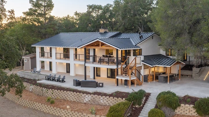 Vineyard House on the Oak & Vine Estate’s 46 acres. This property showcases breathtaking views, luxury amenities, and unique private culinary experiences.
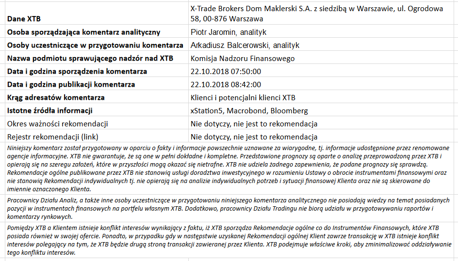 Ta publikacja handlowa jest informacyjna i edukacyjna. Nie jest rekomendacją inwestycyjną ani informacją rekomendującą lub sugerującą strategię inwestycyjną. W materiale nie sugerujemy żadnej strategii inwestycyjnej ani nie świadczymy usługi doradztwa inwestycyjnego. Materiał nie uwzględnia indywidualnej sytuacji finansowej, potrzeb i celów inwestycyjnych klienta. Nie jest też ofertą sprzedaży ani subskrypcji. Nie jest zaproszeniem do nabycia, reklamą ani promocją jakichkolwiek instrumentów finansowych. Publikację handlową przygotowaliśmy starannie i obiektywnie. Przedstawiamy stan faktyczny znany autorom w chwili tworzenia dokumentu. Nie umieszczamy w nim żadnych elementów oceniających. Informacje i badania oparte na historycznych danych lub wynikach oraz prognozy nie stanowią pewnego wskaźnika na przyszłość. Nie odpowiadamy za Twoje działania lub zaniechania, zwłaszcza za to, że zdecydujesz się nabyć lub zbyć instrumenty finansowe na podstawie informacji z tej publikacji handlowej. Nie odpowiadamy też za szkody, które mogą wynikać z bezpośredniego czy też pośredniego wykorzystania tych informacji. Inwestowanie jest ryzykowne. Inwestuj odpowiedzialnie.
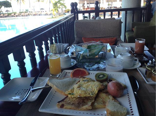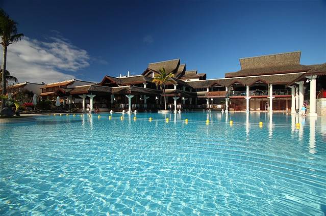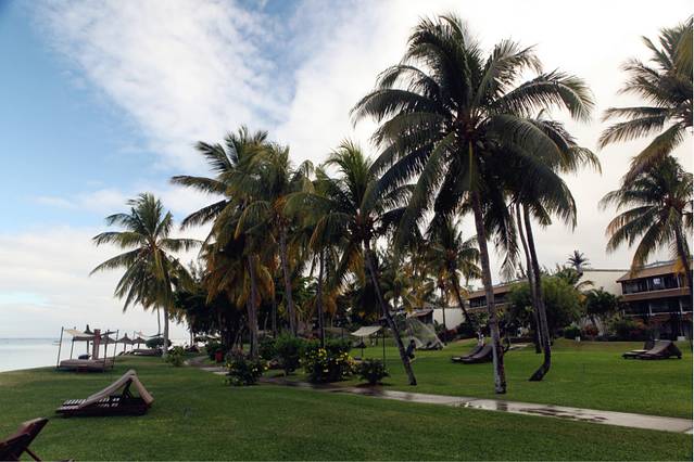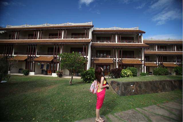 言归正传了,因为在毛球期间参加了两次一日游,跟同行的游伴们了解到了很多其他酒店的情况,虽然不够全面但是也还是有一些价值,正在为选酒店犯愁的同学们可以参考一下。我和Charles同学住在西南海豚湾处的索菲特酒店,选择这个酒店真的不是因为它有多好而是因为我们报名太晚了,这是不得已的选择,结果对比之后发现这个酒店还是有很大的优势的。首先那些顶级的五星酒店我是真的不了解情况,排除掉这些酒店之后剩下的不错的大家去的比较多的五星级酒店大概就是西海岸的希尔顿,爱必浓,索菲特以及东海岸的贝勒玛尔。希尔顿和索菲特两个酒店都在海豚湾,仅一墙之隔,酒店的私家沙滩也是相连的,甚至连酒店布局、建筑风格都有几分相似,并且同样都是提供早晚两顿自助餐(晚餐不免费提供酒水,所有的饮品都要自费),但是Hilton的无线网不是免费的一天大概一两百的价钱(当然也可以选择走几步路来索菲特蹭无线网),这不是关键,关键是Hilton的人可真是多啊,沙滩上晒太阳的人口密度比索菲特多了三倍还不止,所以在报价基本一致的情况下建议大家还是选择索菲特吧。贴一张Charles拍的索菲特酒店主楼和游泳池的照片(请注意真的是没什么人啊):
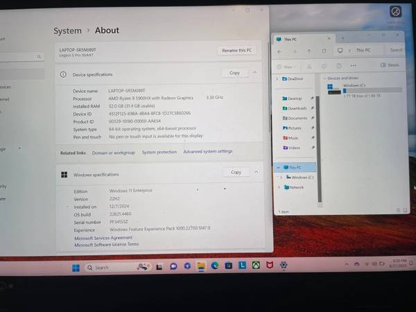 AMD Ryzen 9 5900HX 8 Cores 16 Threads 3.3GHz Base 4.6GHz Max 4MB L2 / 16MB L3 Cash DDR4-3200 Memory with 32 GB of Ram and 2 TB of storage.

= TASK BRIEF =
With pictures omitted, restate exactly every line from the one containing "言归正传了,因为在毛球期间参" through the last line of the material, inclusive.

= RESPONSE AREA =
 言归正传了,因为在毛球期间参加了两次一日游,跟同行的游伴们了解到了很多其他酒店的情况,虽然不够全面但是也还是有一些价值,正在为选酒店犯愁的同学们可以参考一下。我和Charles同学住在西南海豚湾处的索菲特酒店,选择这个酒店真的不是因为它有多好而是因为我们报名太晚了,这是不得已的选择,结果对比之后发现这个酒店还是有很大的优势的。首先那些顶级的五星酒店我是真的不了解情况,排除掉这些酒店之后剩下的不错的大家去的比较多的五星级酒店大概就是西海岸的希尔顿,爱必浓,索菲特以及东海岸的贝勒玛尔。希尔顿和索菲特两个酒店都在海豚湾,仅一墙之隔,酒店的私家沙滩也是相连的,甚至连酒店布局、建筑风格都有几分相似,并且同样都是提供早晚两顿自助餐(晚餐不免费提供酒水,所有的饮品都要自费),但是Hilton的无线网不是免费的一天大概一两百的价钱(当然也可以选择走几步路来索菲特蹭无线网),这不是关键,关键是Hilton的人可真是多啊,沙滩上晒太阳的人口密度比索菲特多了三倍还不止,所以在报价基本一致的情况下建议大家还是选择索菲特吧。贴一张Charles拍的索菲特酒店主楼和游泳池的照片(请注意真的是没什么人啊):
 AMD Ryzen 9 5900HX 8 Cores 16 Threads 3.3GHz Base 4.6GHz Max 4MB L2 / 16MB L3 Cash DDR4-3200 Memory with 32 GB of Ram and 2 TB of storage.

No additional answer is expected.